Hegel understood the essence of human life to be derived from history. History, memory—that is what makes us human, that and our knowledge of death.

Moses Herzog says this in the fifth section of the novel, in a letter that he writes to Eisenhower that addresses his Committee on National Aims report. This is typical of Herzog's letter-writing tendencies as well as a good sum-up sentence for the novel. It makes sense that Herzog, who is obsessed with recounting his own history and his own memories, is a believer in Hegel's philosophy. Hegel believed that history was created dynamically by the contradictory and conflicting interests of men, but, at the same time, he believed that this history illustrated a progression. He thought that even though the path was contradictory because of the human beings contradictory impulses, in the end, there is a self-realization. The human being realizes that he has reason and freedom. This, in short, is exactly what happens to the main character of the novel. Bellow has Moses drift through his impulses and thoughts, some of which contradict each other, but, in the end, Moses comes to terms with himself.

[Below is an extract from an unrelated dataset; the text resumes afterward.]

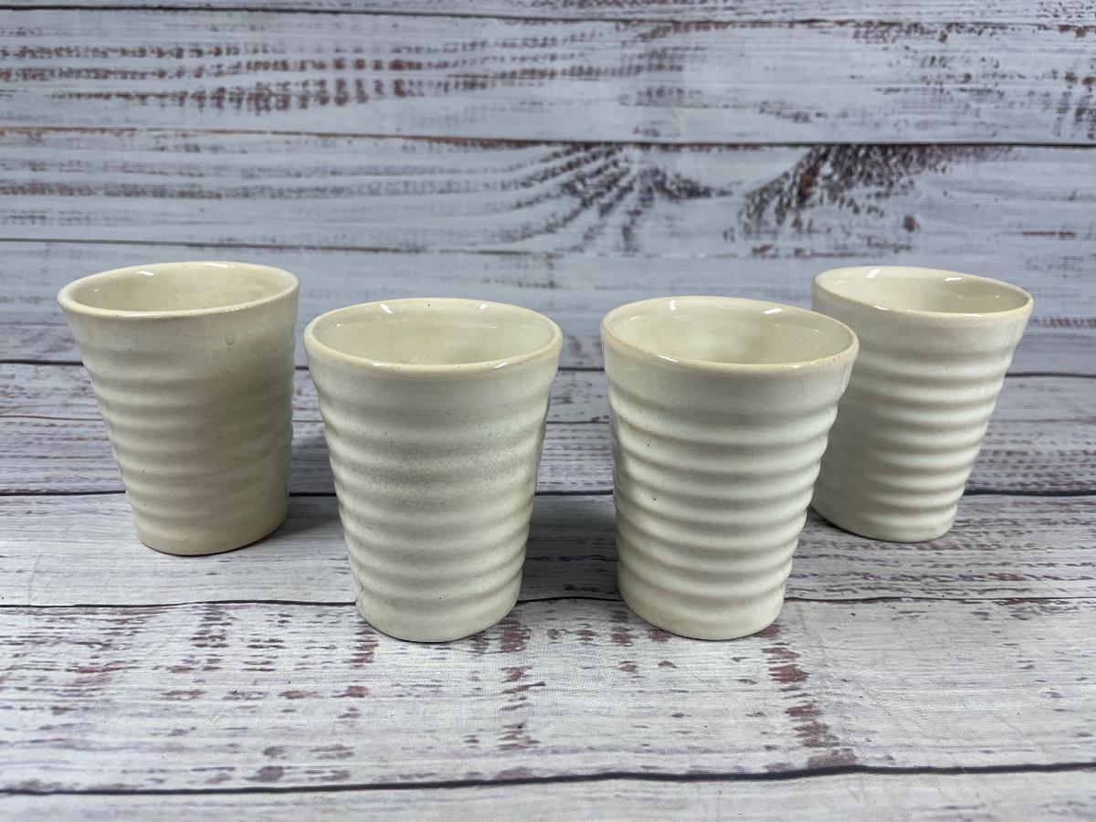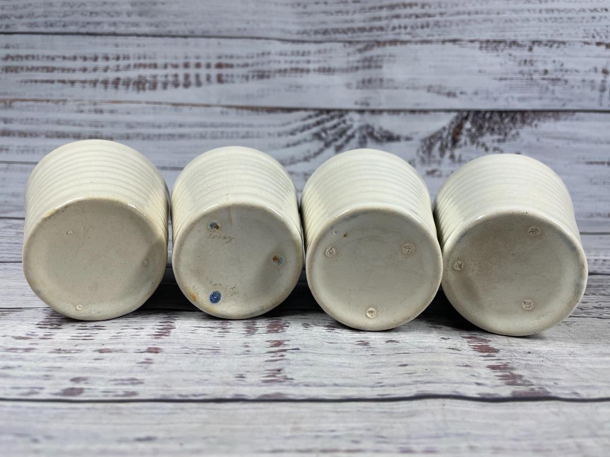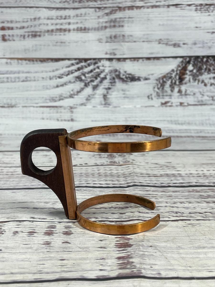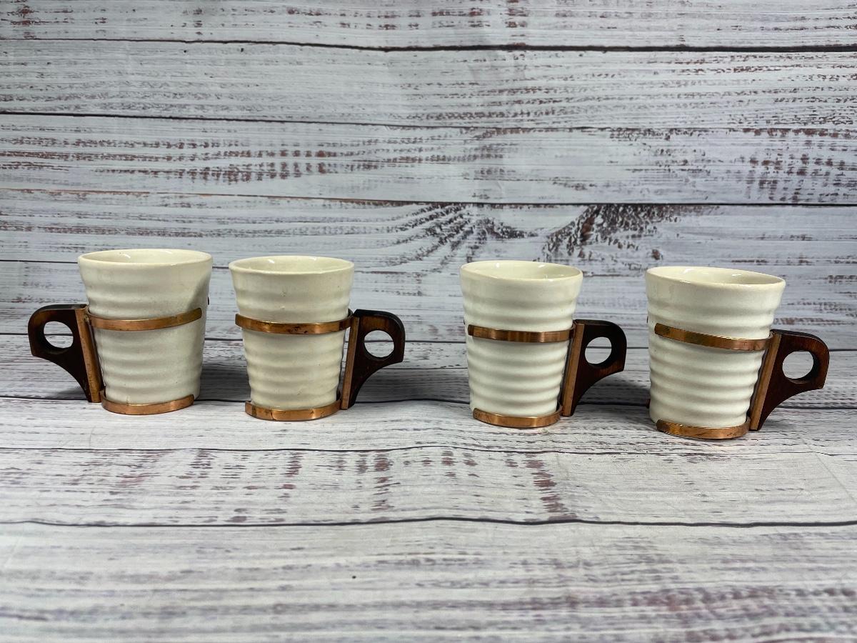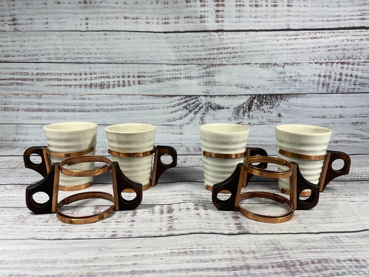 Set of White Ceramic Cup and Metal Copper Cup Holders, there are no significant chips or cracks to the cups or the cup holders and is in good useable condition. Comes with four cups and eight cup holders, check pictures for more details and for sizing.

He comes to a realization and to an understanding of, even, death. All the ambivalent forces that work in the book come together only because Moses learns to accept the ambiguities of his journey and his self.

It is important also that Bellow places this quote at the center of the novel because it is here that Moses begins to understand his journey. The book, although seemingly going nowhere at times, is really a progression just as Hegel illustrates in his philosophy.